Adam Lind: Lind would have 200 Home Runs and as a Blue Jay in 2009, he would win both the Silver Slugger and Edgar Martinez Award.
Andre Ethier: A career Los Angeles Dodger, Andre Ethier was a two-time All-Star and would win the Silver Slugger in 2009.
Bronson Arroyo: A member of the Boston Red Sox 2004 World Series Championship Team, Bronson Arroyo had his best seasons with the Cincinnati Reds. He would retire with 148 Wins and was an All-Star in 2006.
Carlos Beltran: Beltran retires with a strong Hall of Fame resume as he retired with 2,725 Hits and 435 Home Runs. Beltran went to nine All-Star Games, won two Silver Sluggers, three Gold Gloves and was a World Series Champion in his last season in Baseball.
Carlos Ruiz: Ruiz was a light hitting Catcher, but he was an All-Star in 2012 and a two-time Wilson Defensive Player. He has a World Series Ring with Philadelphia Phillies in 2008.
Chad Qualls: Qualls pitched mostly in middle and long relief and would pitch in 844 Games.
Erick Aybar: Aybar was an All-Star in 2014 and was a Gold Glove winner in 2011.
Francisco Rodriguez: “K-Rod” won the World Series with the Anaheim Angels in 2002 and would go on to six All-Star Games. Rodriguez led the AL in Saves three times and collected 437 in total.
Glen Perkins: Perkins secured 120 Saves over a career that was spent entirely with the Minnesota Twins.
Huston Street: Street was the American League Rookie of the Year in 2005 and would be a two-time All-Star. He retired with 324 Saves.
J.J. Hardy: Hardy was a two-time All-Star at Shortstop and would be a three-time Gold Glove recipient. He would also win the Silver Slugger Award in 2013.
Jacoby Ellsbury: Ellsbury won the World Series twice with the Boston Red Sox, and he was an All-Star, Silver Slugger and Gold Glove winner in 2011.
Jason Grilli: Grilli played for nine different teams in the Majors and was an All-Star in 2013 when he was the closer for the Pittsburgh Pirates.
Jayson Werth: Werth was a World Series Champion with the Phillies in 2008 and would be an All-Star a year later. He would have 229 Home Runs over his career.
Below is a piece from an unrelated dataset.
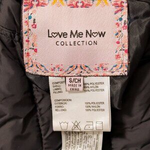WOMEN Gray Padded Hooded Winter Jacket Sz(S) - Quilted Drawstring "Love Me Now"

Jered Weaver: Weaver led the American League in Strikeouts in 2010 and was a three-time All-Star. He would win 150 Games over his career.
Jhonny Peralta: Peralta would accumulate 1,761 Hits and was a three-time All-Star.
Joaquin Benoit: Benoit would pitch in 764 Games in his career.
Joe Blanton: Blanton won 101 Games in his career and would win a World Series Ring with Philadelphia in 2008.
John Lackey: Lackey won three World Series Rings with three different teams (Anaheim 2002, Boston 2013 & Chicago 2016) and was an All-Star in 2007. Lackey won 188 Games and struck out 2,294 batters.
Jonathan Broxton: As a Dodger, Broxton went to two All-Star Games as a Relief Pitcher.
Matt Cain: Cain would win three World Series Rings with the San Francisco Giants and was also a three-time All-Star.
Mike Napoli: Napoli was an All-Star with the Texas Rangers in 2012 and would help the Red Sox win the World Series in 2013.
R.A. Dickey: Dickey won the National League Cy Young Award in 2012 and the knuckleballer would record 120 Wins.
Stephen Drew: Drew had a little over 1,100 Hits and was a World Series Champion with the Red Sox in 2013.
Ubaldo Jiminez: Jiminez was an All-Star in 2010 and retired with 114 Wins and 1,720 Strikeouts.
Please note that just because the above players are Hall of Fame eligible in 2023, it does not mean that they will be on the ballot.